Todos los hombres nacen iguales
, dice la declaración de independencia. Los esclavos, medio millón de esclavos negros, ni se enteran.
(130 y 224)
El redactor de la declaración de independencia, certificado de nacimiento de los Estados Unidos, es hombre de mil talentos y curiosidades.
Incansable lector de termómetros, barómetros y libros, Thomas Jefferson pregunta y descubre, persiguiendo la revelación de la naturaleza y queriendo abrazar todas las dimensiones del pensamiento humano. Está reuniendo una fabulosa biblioteca y un universo de piedras, fósiles y plantas; y sabe todo lo que saberse pueda sobre la filosofía neoplatónica, la gramática latina, la estructura de la lengua griega y la organización de la sociedad a través de la historia. Conoce a fondo su tierra de Virginia, cada hijo y abuelo de cada familia, cada brizna de hierba; y está al día con las novedades de la técnica en el mundo.
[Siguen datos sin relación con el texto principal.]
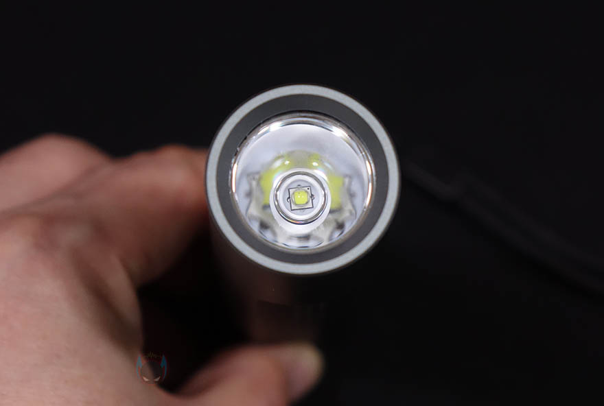 또한, 손전등 뒷부분에는 앞서 구성품에서 확인한 기본 제공의 랜야드(Lanyard) 줄을 걸 수 있는 홀(hole) 처리가 되어 있는데, 랜야드를 끼워서 걸면, 손목에 줄을 걸어 떨어뜨리거나 분실되지 않게 사용할 수 있습니다. 그리고, 플래시가 밝혀지는 전면에는 내부에 LED칩에 박혀있는걸 확인할 수 있죠. 끝으로, USB 충전케이블은 50cm 길이에 USB Type-C to A 인터페이스를 가졌습니다.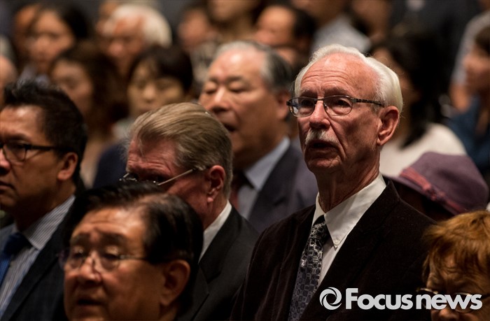 (서울=포커스뉴스) 10일 오전 서울 중구 프레스센터에서 열린 6.10 민주항쟁 제29주년 기념식에 참석한 해외민주인사가 애국가를 부르고 있다.

Disfruta ensayando máquinas de vapor, nuevos modelos de arados y métodos originales para producir manteca y queso. Él ha imaginado su mansión de Monticello y la ha diseñado y construido sin error.
Los puritanos contaban la población por
almas
. Jefferson la cuenta por
individuos de la especie humana
. Dentro de la especie, los negros son casi iguales. Los negros tienen aceptable memoria y ninguna imaginación y su pobre inteligencia jamás podría entender a Euclides. Aristócrata de Virginia, Jefferson predica la democracia, una democracia de propietarios, y la libertad de pensamiento y fe; pero defiende la jerarquía del sexo y de los colores. Sus planes de educación no alcanzan a las mujeres, ni a los indios, ni a los negros. Jefferson condena la esclavitud y es, y seguirá siendo, amo de esclavos. Más lo atraen las mulatas que las blancas, pero tiene pánico a la pérdida de la pureza racial y cree que la mezcla de sangres es la peor de las tentaciones que acechan al colono blanco.